Dear Chief Justice Bender,
Your recent dissent to In re Reapportionment (2011) showed me why our mutual friends think well of you. You managed to find a way around the lawyer’s adage:
“When you have the facts behind your case, pound on the facts. When you have the law, pound on it. When you have neither, pound on the table.”
You combined misdirection, humor and selective citations masterfully. Let’s share some of your finer efforts.
First: “neutral decision-makers.” You believe “a nonpartisan Commission” will counterbalance gerrymandering. That could be true, but we’ve never had one in Colorado.

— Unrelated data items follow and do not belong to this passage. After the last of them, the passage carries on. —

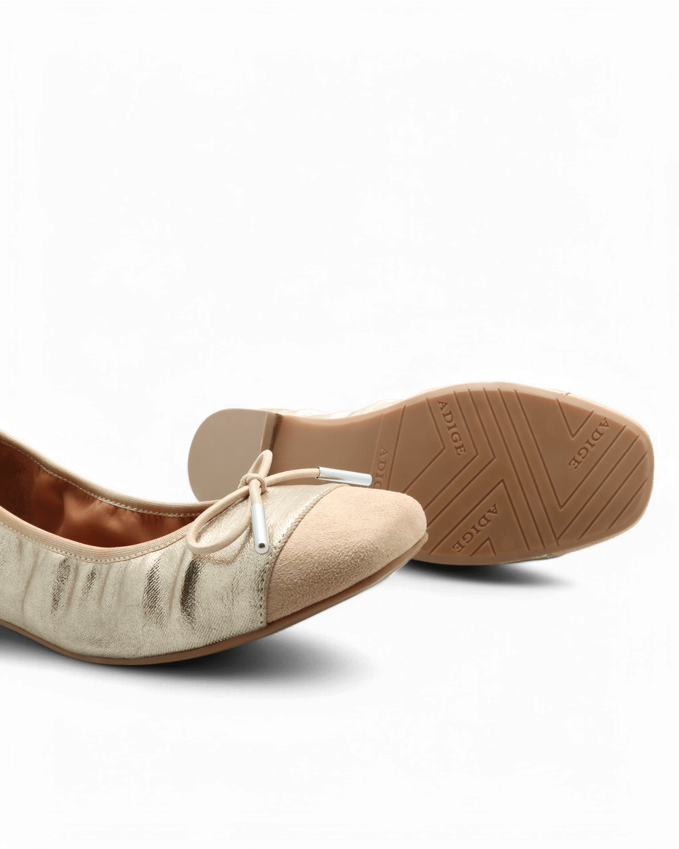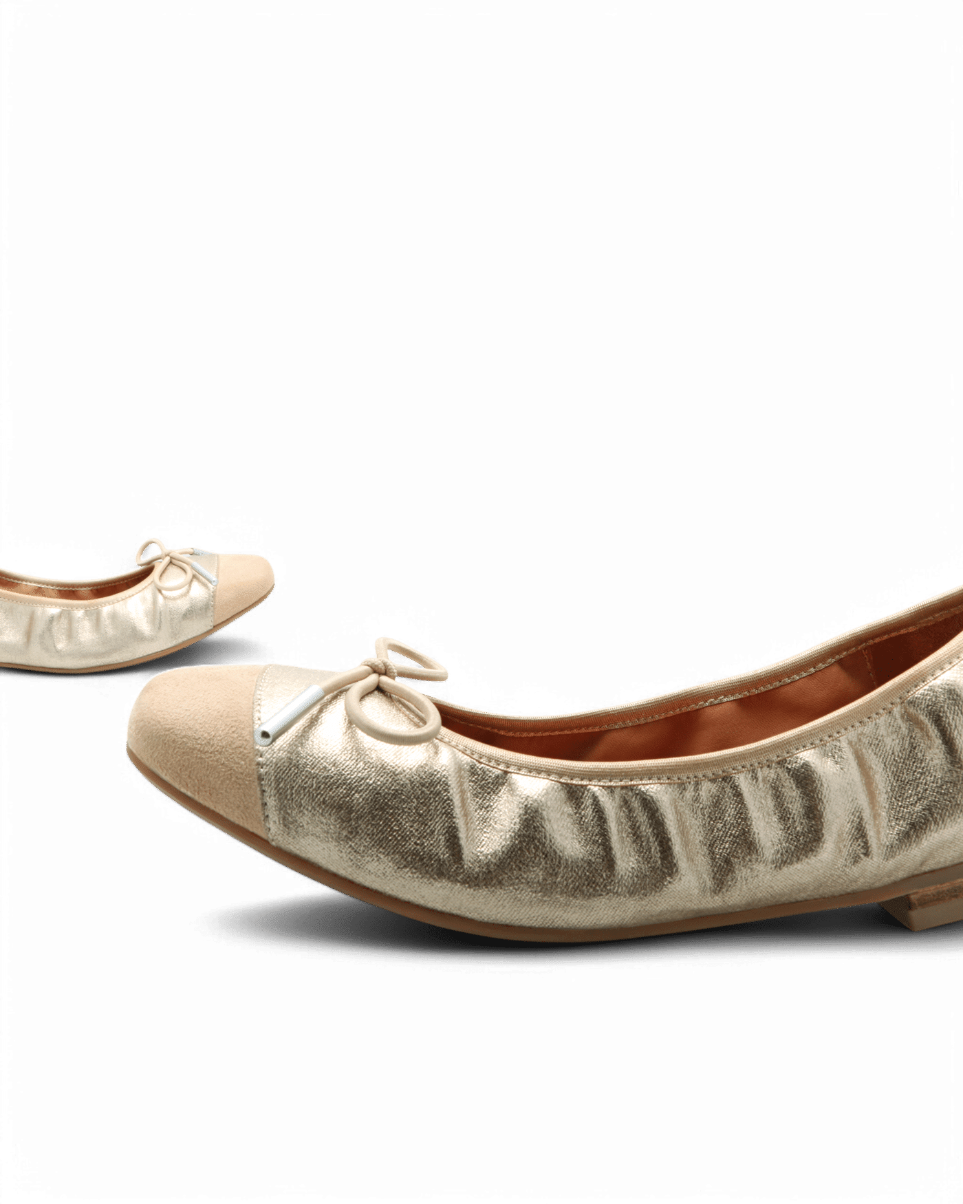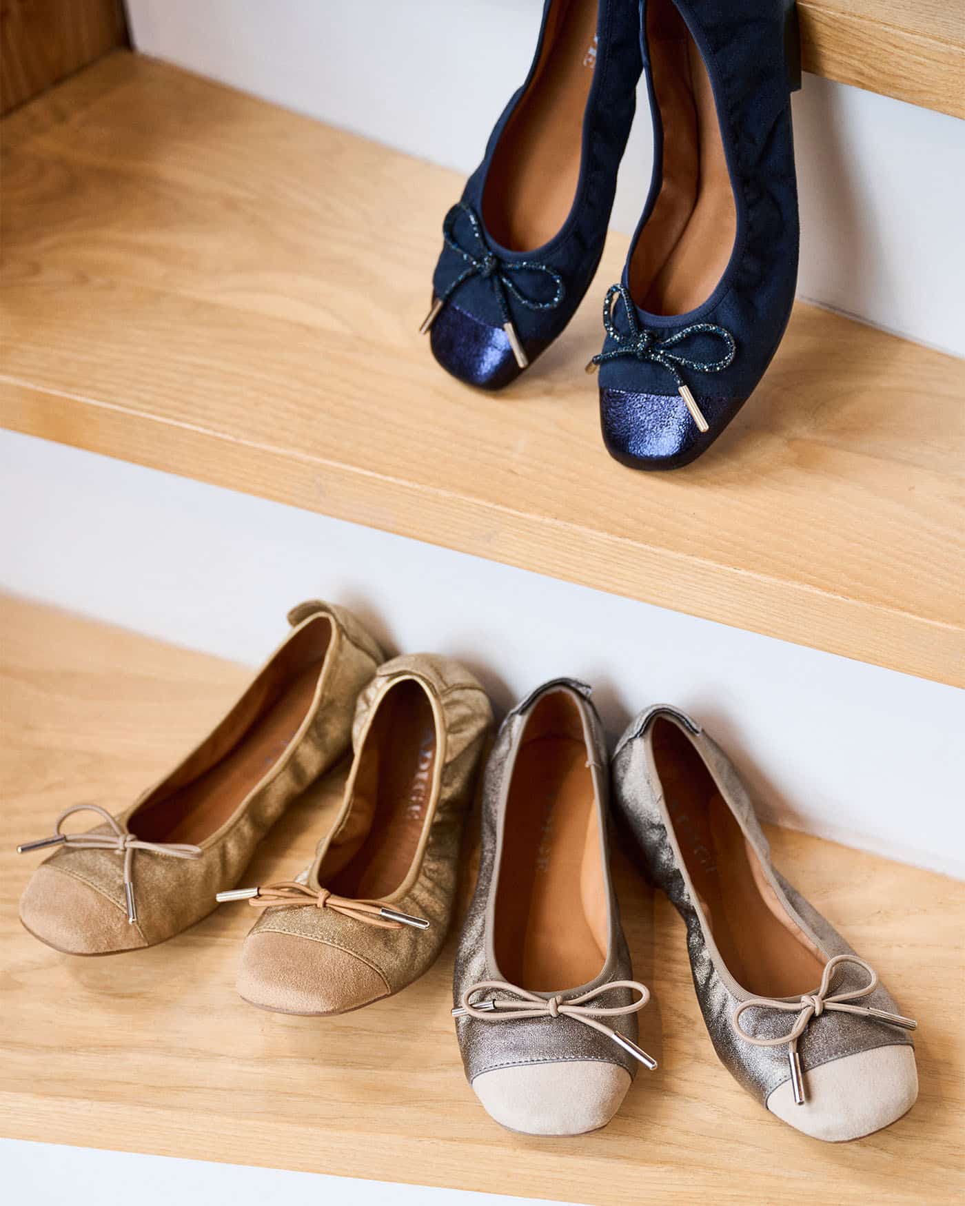 La teinte dorée, ni trop flashy ni trop discrète, est par ailleurs juste ce qu’il faut pour apporter une touche de lumière et de sophistication à votre look. Ce choix de couleur permet une grande polyvalence. Elle s’associe aussi bien à des vêtements neutres qu’à des tenues plus colorées, pour un effet stylé et raffiné. Avec leur petite touche de beige sur la pointe du pied, elles offrent originalité et raffinement. Un autre élément apporte une grande distinction à cette paire de ballerines : le nœud doré placé délicatement sur le dessus du pied. Simple et discret, il permet de mettre en valeur la féminité et l’élégance de la ballerine.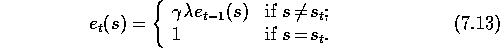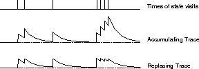 In some cases significantly better performance can be obtained by using a slightly modified kind of trace known as a replacing trace. Suppose a state is visited and then revisited before the trace due to the first visit has fully decayed to zero. With accumulating traces (7.5), the revisit causes a further increment in the trace, driving it greater than 1, whereas with replacing traces, the trace is reset to 1. Figure 7.16 contrasts these two kinds of traces. Formally, a replacing trace for a discrete state s is defined by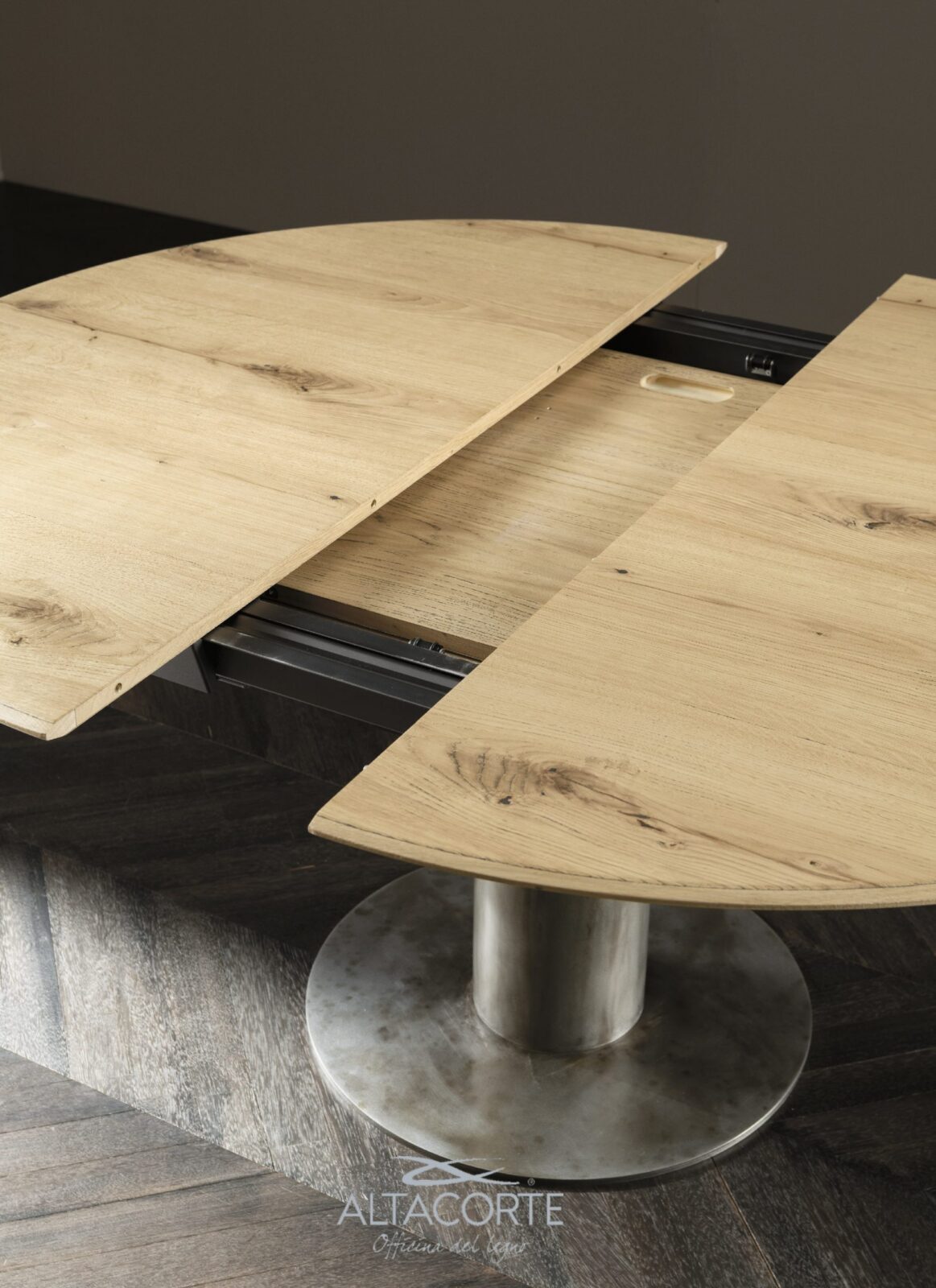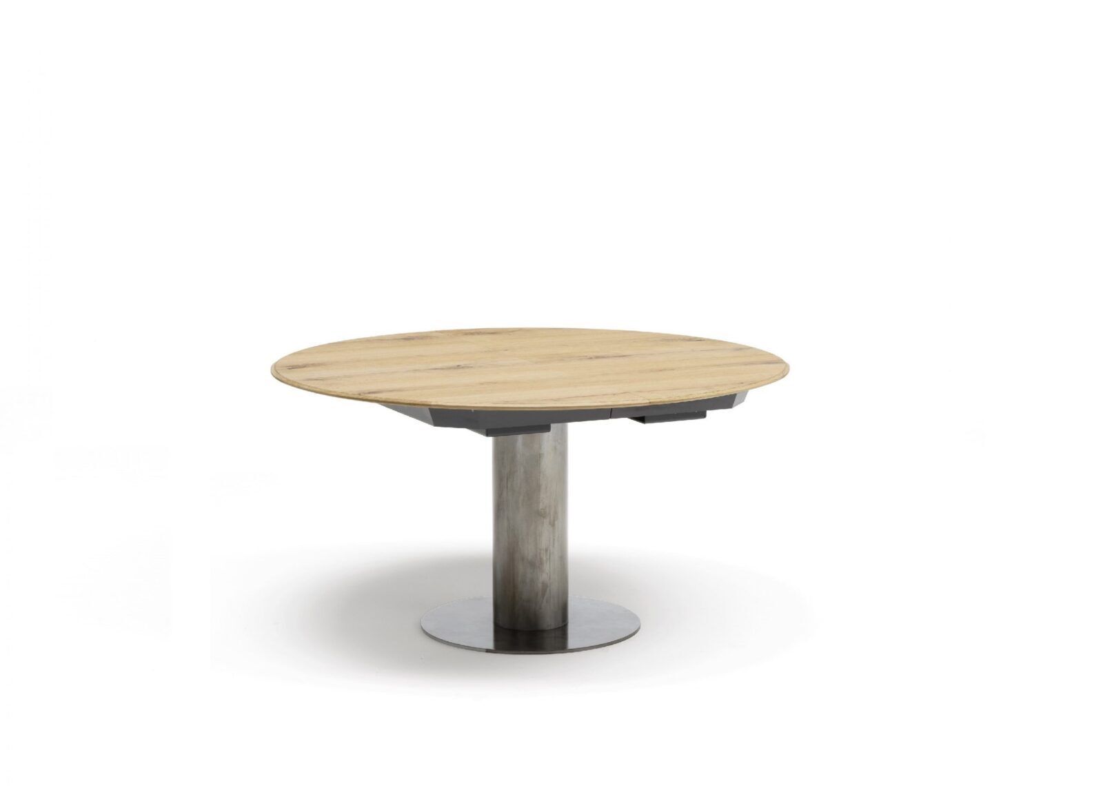 Untergestell aus Stahl, kombinierbar mit 20 mm dicken runden Tischplatten auf Tischlerplattenträger mit oberer und unterer Eichenplatte, deren Kanten mit einer Umfangspolsterung aus massiver Eiche geformt sind. Auch in Canaletto-Walnuss erhältlich. Vinylklebstoffe auf Wasserbasis, Zweikomponenten-Acrylfarben. Endlich auch mit einer 12 mm dicken Platte (6 mm Keramik + 6 mm Glas) mit einer Verlängerung von 600 mm erhältlich.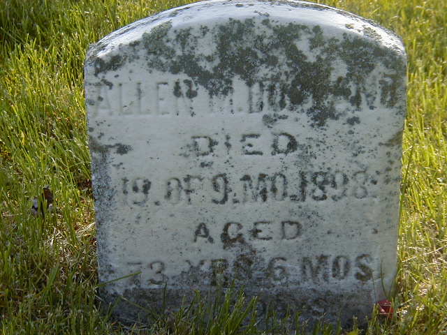 Allen M. Dorland was born on 1 March 1825 at Hillier Twp., Prince Edward Co., Upper Canada; Date Mar 1 1825 (age 73y 6m 21d at death Sep 19 1898) & location Hillier per Death Reg'n. Date Feb 26 1825 per GEDCOM of Richard Lander, Oct. 29, 2006. Date 1825 & location Ont. per 1881 Census. Date 1825 & location ont. per 1871 Census. Date 1825 & location Cda. per 1861 Census. Date 1824 & location Cda. per 1851 Census. per GEDCOM of George Gildersleeve, June 17, 2004.1,2,3,4,5,6 He married Patty G. Cronk circa 1850 at Prince Edward Co., Canada West; per 1861 Census. per IGI Record.1,7,2 Allen M. Dorland appeared on the census of 1852 at Hillier Twp., Prince Edward Co., Canada West; Age 27 at 1851 Census: Dorland, Allen M., 27, b. Cda., Friends, farmer, married; Patty, 25, b. Cda., Friends, married; Arnoldi, 1.4 He lived in April 1861 at Conc 2 Lot 14, Hillier Twp., Prince Edward Co., Canada West; Residence per 1861 Census: Conc 2, Lot 14, Hillier Twp., 113 acres.2 He appeared on the census of April 1861 at Hillier Twp., Prince Edward Co., Canada West; Age 36 at 1861 Census: Dorland, Allen M., 36, b. Cda., Quaker, farmer, married; Patty G., 34, b. Cda., Quaker, married; Arnoldi, 10; Pheba E., 7; Philip N., 2; Hutchinson, Hannah, 13.2 He lived in April 1871 at Conc 2, Lot 13 & 14, Hillier Twp., Prince Edward Co., Ontario; Residence per 1871 Census: Conc 2, Lot 13 & 14, Hillier Twp., 237 acres, owner.3 He appeared on the census of April 1871 at Hillier Twp., Prince Edward Co., Ontario; Age 46 at 1871 Census: Dorland, Allen M., 46, b. Ont., Ger., Quaker, farmer, married; Patty, 43, b. Ont., Ger., Quaker, married; Arnoldi C., 20; Phebe E., 17; Philip N., 12; Parks, Alexander, 23, farm lab., single; Steed, Sarah, 24, b. Ont., Eng. (1871 Census: Hillier Twp., div. 2, pg. 9, line - Conc 2, Lot 13 & 14, 237 acres, owner.)3 He appeared on the census of April 1881 at Hillier Twp., Prince Edward Co., Ontario; Age 56 at 1881 Census: Dorland, Allan M., 56, b. Ont., Ger., Quaker, farmer, widowed; Arnold C., 29, b. Ont., Ger., Quaker, farmer, married; Elizabeth G., 19, b. England, Eng., CE, married; Allan G., 2, b. USA, Eng., CE; Philip N., 21, b. Ont., Ger., Quaker, single (familysearch.org.)5 He died on 19 September 1898 at Hillier Twp., Wellington, Prince Edward Co., Ontario, at age 73; Death Reg'n.#018327: Name: Allen M. Dorland; Date: Sep 19 1898; Age: 73y 6m 21d; Res.: 1 Main St; Status: married; Born: Hillier Twp; Cause: paralysis, 6 yrs; Phys.: J. B. Ruttan; Rel.: Friends; Inf.: A. C. Dorland; Reg'd.: Sep 22 1898; Reg'r.: T. S. Stinson (Ontario Death Registration, #018327-1898, ancestry.com.)8 He was buried on 21 September 1898 at Wellington Cemetery, Wellington, Prince Edward Co., Ontario; Memorial: (See Exhibit) Allen M. Dorland; Died; 19. of 9.Mo.1898; Aged; 73 Yrs & 6 Mos; & 20? Days (Welliington Cemetery, Wellington, May 28 2006.)9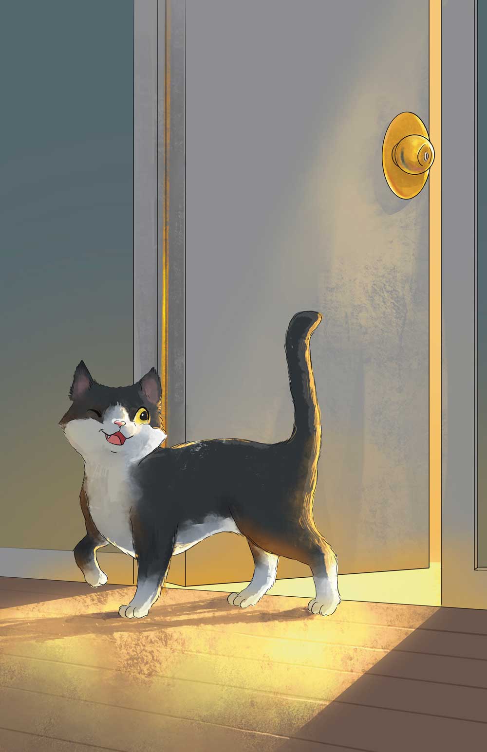 Then something exciting happens. In her toy cupboard, Emma finds an old wand she once made at school. Pretending to be a wizard casting spells, she discovers that the wand really works! It turns her cat, Penny, into a girl. Now Penny says she knows all about magic. Her mum knew a cat who knew a witch’s cat, you see. She thinks being a girl will be fun, but she is still a cat inside and only remembers spells that would be useful to cats.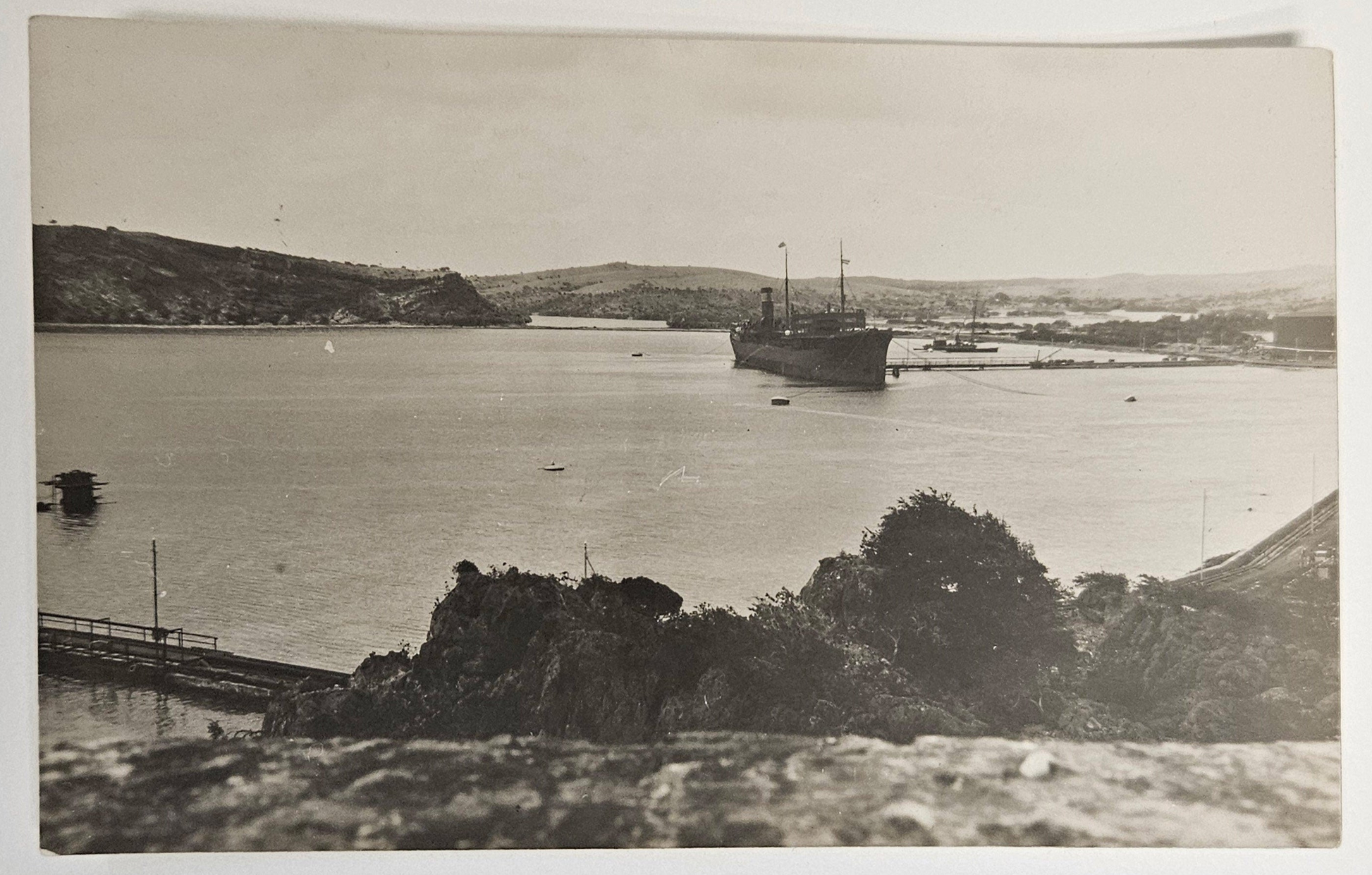 Photo Of Large Battle Ship Entering a Valley Harbor - 1930 to 1940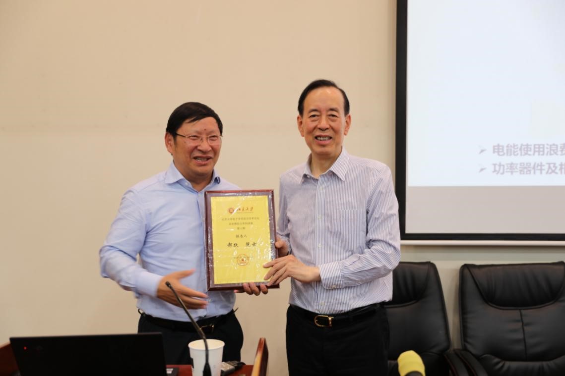 讲座在热烈的掌声中圆满结束,电子学系系主任彭练矛院士为郝跃院士颁发了活动纪念证书,并合影留念。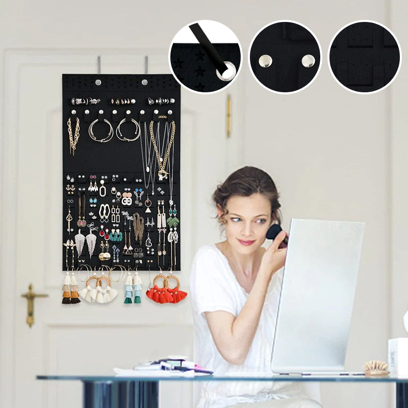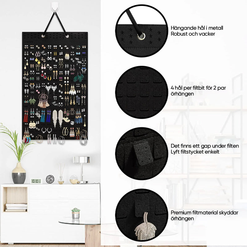 Organisera dina smycken med stil och praktisk funktionalitet med denna filthängande smyckeorganisatör. Perfekt för alla som vill hålla sina smycken organiserade och lättillgängliga. Med en elegant design och överlägsen kvalitet är denna organisatör den perfekta lösningen för dina smycken.

Nothing surprising here, since almost all Americans are partisans. Gallup shows true Independents can be under 10% of all voters. Mario Carrera’s political giving shows his strong Democratic leanings, despite his registration. He’s just like pseudo-Independent Gene Nichol in the 1990s. This fact vitiates your Karcher citation about neutral decision-makers using neutral criteria with adequate opportunity for hearing other views. Karcher also doesn’t apply since Carrera short-circuited all hearings with a last minute new plan.
Second, a LOL: “competitive legislative districts are the antithesis of gerrymandered ones.” Whoa, horsie. Give me 3 days’ help from the incredibly competent Commission staff, and we’d have a plan that maximized “competitive” districts and let Republicans control our legislature. They are not mutually exclusive – as Carrera’s plan already shows.
Third: Voting Rights Act. Where are other US Supreme Court cases? To non-lawyers, Bush v Vera suggests splitting counties is gerrymandering if done to craft minority-dominated districts. More recently, Bartlett v Strickland appears to decide that “minority” districts need not be created when minority residents aren’t more than 50%. Big whoopsy in defending Carrera on VRA grounds.
Fourth: the “why.” Whatever someone may claim as their reason for something, we can wonder whether their stated reason may conceal another rationale. What’s Carrera’s “competitiveness” rating?
Carrera’s State House plan has eighteen districts within a five percent registration advantage for one party or the other. Nonpartisan seeming … except that Ken Buck won only three of those districts. With Carrera’s plan almost all purported “swing” districts were, in an actual outcome, Democratic wins. So much for “competitiveness” in a costly race that resembles most close Colorado legislative battles.
Mr. Chief Justice, it is the hard-and-fast criteria that curb our tendencies to favor “our” side. Follow them, as our honorable court has previously said, and you won’t eliminate partisanship, but you will minimize its impact.
Vitiate those criteria, and we confront Thomas More’s question in A Man for All Seasons. “When the last law was down, and the devil turned on you, where would you hide?”